Canadian-German half-breed, he ay even English.
His mother's English.
Have yow heared him spake? Iss barely English. He sahnds like bloody Adolf Eichmann or somebody.
Should be right up yower street then, I'd a thought.
Glenn was a decent player though, Rob would give him that. He'd never got a break. In the game the other week, the mosque had an early corner. The strong lad in midfield, shapes cut into his beard, jogged across to take it. The helicopter turned behind him, came back towards the pitch. A light shone from the helicopter, maybe a news camera. Rob felt a prickling of sweat under his arms. He pulled his shirt away from his body, half out of his shorts, conscious of being watched.
The corner dropped into a space in front of the near post. Rob and the big lad they'd got upfront with Tayub leaned into each other. He wasn't Rob's man, should've been Lee's, but Lee had gone missing. Glenn got back and attacked the ball, hit it on the volley with his left foot, turned with both feet off the floor, and then went straight after it, chasing his own clearance. Rob brought them out quickly, shouting at Lee who had suddenly appeared again.
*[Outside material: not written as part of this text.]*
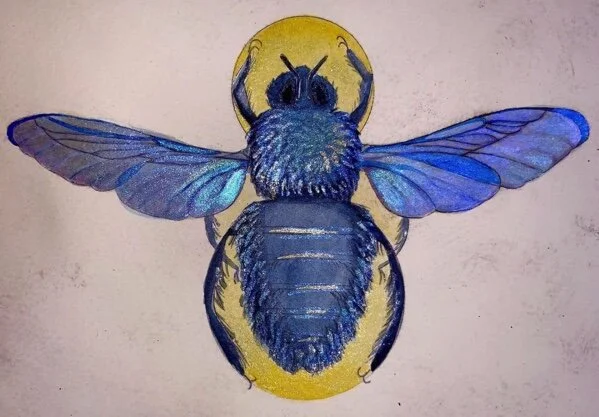 Bee, acetate print with watercolor and iridescent pigments, approx. 8" x 10" SOLD

Come on, halfway line, just leave em in theer. Come on, like he'd shouted every Sunday morning that season.
He slowed to a walk. Two police in hi-vis jackets kept pace in the corner of his vision. He wondered if they were the ones who'd turned up for Andre.
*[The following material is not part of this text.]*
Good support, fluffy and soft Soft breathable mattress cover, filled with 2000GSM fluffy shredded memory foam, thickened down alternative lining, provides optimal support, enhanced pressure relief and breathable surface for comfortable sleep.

A few hours of Rob's timetable every week involved supporting pupils who needed extra help in their lessons.
He hated it. It was like sitting in there as an extra kid on a chair that was too small. If the class caused a problem he was
always unsure whether to get involved with telling kids off or helping the teacher â and he always ended up in classes where there was bound to be a problem. There was meant to be training for this sort of thing.
Today, he was in Miss Pale's RE lesson looking after Chelsey. Miss Pale was a young, blonde teacher who looked like Princess Diana. When she'd arrived at Cinderheath a year ago he'd tried to be friendly towards her; partly to chat her up, but partly because Cinderheath was a difficult place to come to if you were a new teacher or you weren't from the area. He'd bought her a vodka and cranberry at the Wetherspoon's. When she'd told him she grew up in the Cotswolds he'd started to tell her something about driving his nan down to Bourton-on-the-Water on a bank holiday and she'd said she didn't understand what he was saying, then gone, Oh, your grandmother, and laughed and said how as a teenager she and her friends spent bank holiday afternoons laughing at townie families come to gawp. She told him that the reality had been loads of cider and spliffs and shagging their way through the fields and river banks and pretty cottages of picture-postcard England. He couldn't tell if she was taking the piss or flirting. He didn't like it, whatever she was doing. He'd felt like asking if she knew who he was. Who he used to be, anyway. Now he'd decided that he didn't like her accent or the way she looked at him or the kids or the neat little registers she kept or those league tables of marks she had that always had the kids he worked with at the bottom. Or the way she looked these days, exhausted, as if she'd just come from a shift at the old Cinderheath works.